I refused to allow the lump in my throat to grow any bigger. “You told me nothing was wrong.” And he had. I’d driven him to his doctor’s appointment just last week, and he’d told me that aside from hypertension (which had always been a problem), he was healthy as a horse. An aging leather cart horse, but a horse nonetheless.

“And that was the truth,” he said. “But I’m not getting any younger, Helena. I’m not going to be around forever.”

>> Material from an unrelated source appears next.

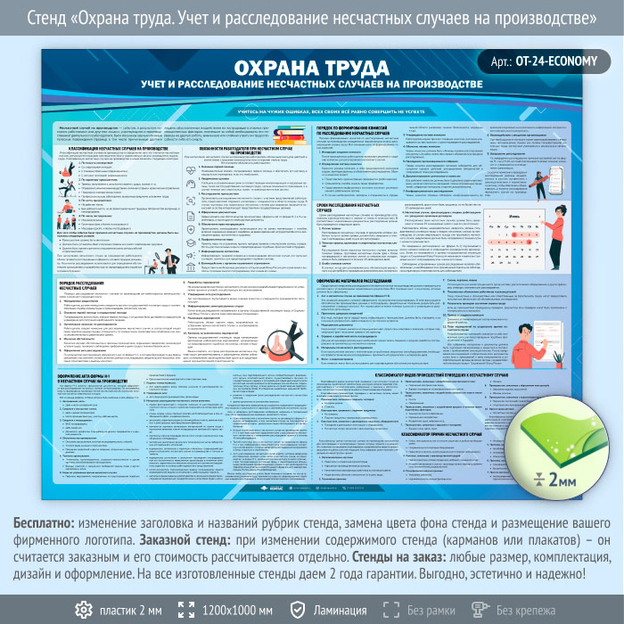 Стенд «Охрана труда. Учет и расследование несчастных случаев на производстве» (OT-24-ECONOMY) в Магнитогорске купить

“You will,” I insisted. “I already am making plans to sell my soul in exchange for your immortality. You’re not going anywhere for a long, long time. I won’t allow it. And now that I’ve said something nice, who the hell do you think you are, saying I need someone to take care of me? I’m fucking Helena Handbasket, you motherfucker. I can take care of myself.”

He smiled quietly. “I know you can. But can you blame an old man who wants you to have something I never did?”

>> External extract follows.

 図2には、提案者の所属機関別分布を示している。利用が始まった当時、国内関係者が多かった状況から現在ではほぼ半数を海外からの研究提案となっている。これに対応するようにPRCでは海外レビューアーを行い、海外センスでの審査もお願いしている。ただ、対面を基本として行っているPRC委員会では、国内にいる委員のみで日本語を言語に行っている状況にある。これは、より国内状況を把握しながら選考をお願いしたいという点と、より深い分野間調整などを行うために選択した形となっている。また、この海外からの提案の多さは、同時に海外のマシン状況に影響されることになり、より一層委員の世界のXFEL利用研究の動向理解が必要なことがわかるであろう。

And that hurt, more than I thought it would. After Charlie had come out, the fallout had been rather devastating. His ex-wife had shamed him publicly and poisoned his kids against him. He’d never cheated on her, not even once, though the temptation was surely there, but he finally got tired of living a lie. And even though she took almost everything from him, Charlie was never one to begrudge his ex, saying that it was his fault he’d gone through with the marriage to begin with. That was just who he was.

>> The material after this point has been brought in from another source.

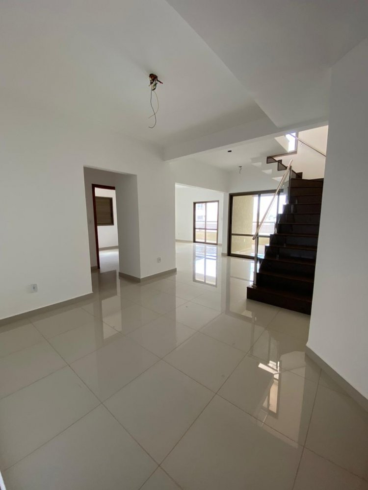 239 m² - Parte inferior: Hall de entrada. Sala 3 ambientes. Cozinha, área de serviço com despensa. 2 suítes (1 dos banheiros também é o social). Sacada ampla. Parte superior (o elevador também acessa esse nível): Sala íntima. 2 suítes. Varanda gourmet com churrasqueira a carvão e solarium.

And after he’d come out, he hadn’t been completely free of guilt, but his conscience was clearer and his heart wasn’t as heavy. He took every phone call from his kids, even when they called to berate him. As it was now, he hadn’t heard from them in a couple of years. He had grandchildren he’d never met. His ex-wife had died a decade before.

He never settled down again. Said it wasn’t his lot in life. Not anymore.

The hypocritical bastard. “You’re doing this on purpose.”

“And what would that be?” he asked with an aura of innocence that any normal person would have fallen for. But I was most decidedly not normal and could see right through the façade.

“You’re trying to play the old-man card,” I said. “Sympathy and all that bullshit. But I won’t fall for it, Charles Danvers, I really will not.”

“Dammit,” he muttered. “I even practiced looking sad and pathetic in the mirror.”

“You planned this?” I said incredulously. “Oh my god, you evil manipulator! I adore you.” I leaned in and gave him a sticky kiss on his cheek.

“Learned from the best.” He winked at me. “But if you think you’ve heard the last of this, you’ve got another think coming. I already dealt with Paul, who is more neurotic than a pygmy goat with PTSD. You’re going to be a cakewalk, Helena.”

I frowned. “Wait. Why would a pygmy goat have—”

“So you may as well just give in now,” he said, overriding me. “Because come hell or high water, you’ll admit it.”

“There’s nothing to admit,” I snapped at him. “Darren Mayne is a fucking dick and I want absolutely nothing to do with him.”

“Why do you hate him so much?” he asked.

I had my reasons. Ones that might be petty, but they were still my reasons. I hadn’t shared them with anyone, not even Paul. It was too fucking embarrassing and it was my deal, not theirs. It didn’t matter, anyway. Darren didn’t even remember, or if he did, he just didn’t care. He lived to antagonize me. I lived to make him suffer.

“It doesn’t matter,” I said, trying to sound bored. “He is a nonentity to me.”

“Huh,” Charlie said. “That’s odd. Well, tomorrow is sure to be embarrassing, then. Yikes.”